Exercise brief: Starting from the line in which "商品摘要任务的挑战性在于:一" appears, set down each line exactly through the end of the listing, and nothing else. Leave out pictures.

Collected data:
·····

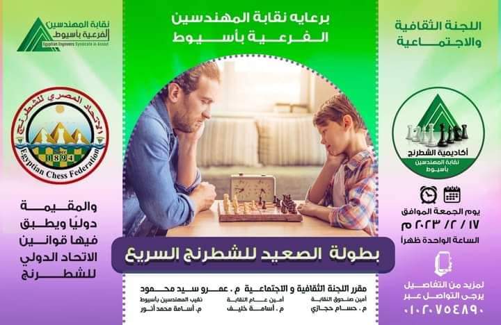عن استضافتها لبطولة الصعيد الدولية للشطرنج السريع والمقيمة دوليًا والمطبق فيها قوانين الاتحاد الدولي للشطرنج، وذلك يوم الجمعة 17 فبراير الجاري
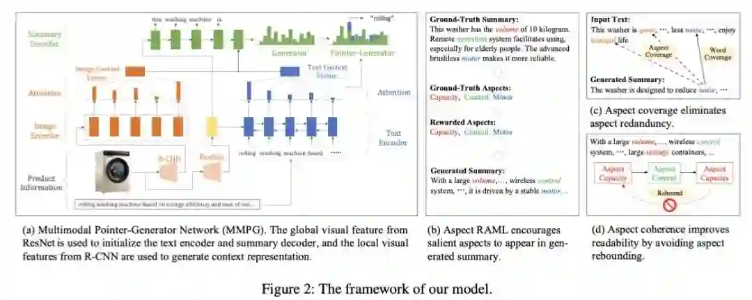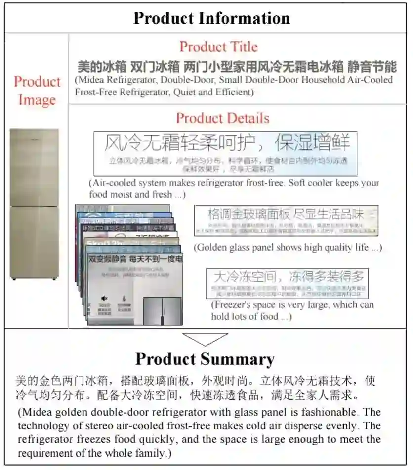 商品摘要任务的挑战性在于:一方面,商品给顾客的第一印象来自该商品的外观,这对顾客的购买决策有着至关重要的影响。因此,商品摘要系统必须能够充分挖掘商品视觉信息,反映商品的外观特色。另一方面,不同的产品有不同的卖点。例如,紧凑型冰箱的优点是节省空间,而环保型冰箱的优点是节能。因此,商品摘要应该反映商品最独特的方面,从而最大限度地促成消费者的购买。
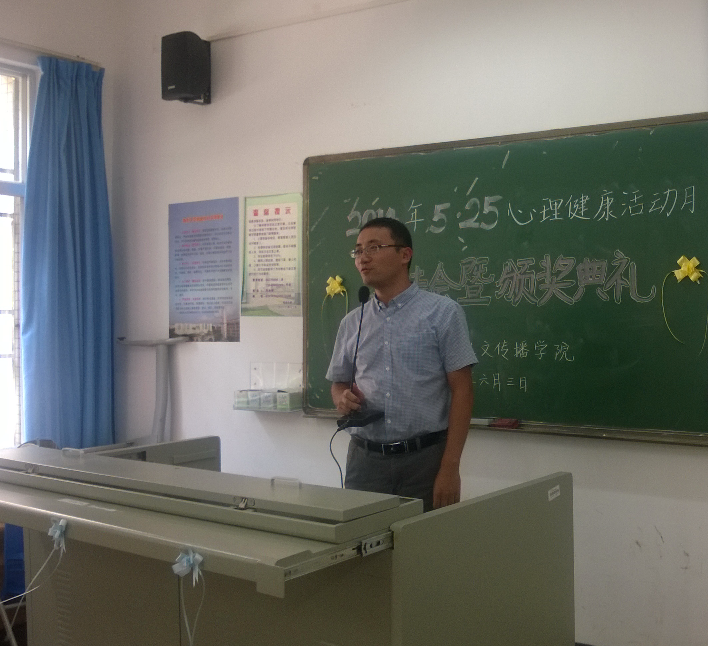 人文传播学院5?25心理健康活动月总结会暨颁奖典礼在5号教学楼115教室如期举行。人文传播学院学工办主任公衍峰老师和辅导员王俊延老师出席了本次活动,心理工作部庄绍斌同学担任主持,团委心理工作同学与灵犀直播

·····

Finished task:
 商品摘要任务的挑战性在于:一方面,商品给顾客的第一印象来自该商品的外观,这对顾客的购买决策有着至关重要的影响。因此,商品摘要系统必须能够充分挖掘商品视觉信息,反映商品的外观特色。另一方面,不同的产品有不同的卖点。例如,紧凑型冰箱的优点是节省空间,而环保型冰箱的优点是节能。因此,商品摘要应该反映商品最独特的方面,从而最大限度地促成消费者的购买。
 人文传播学院5?25心理健康活动月总结会暨颁奖典礼在5号教学楼115教室如期举行。人文传播学院学工办主任公衍峰老师和辅导员王俊延老师出席了本次活动,心理工作部庄绍斌同学担任主持,团委心理工作同学与灵犀直播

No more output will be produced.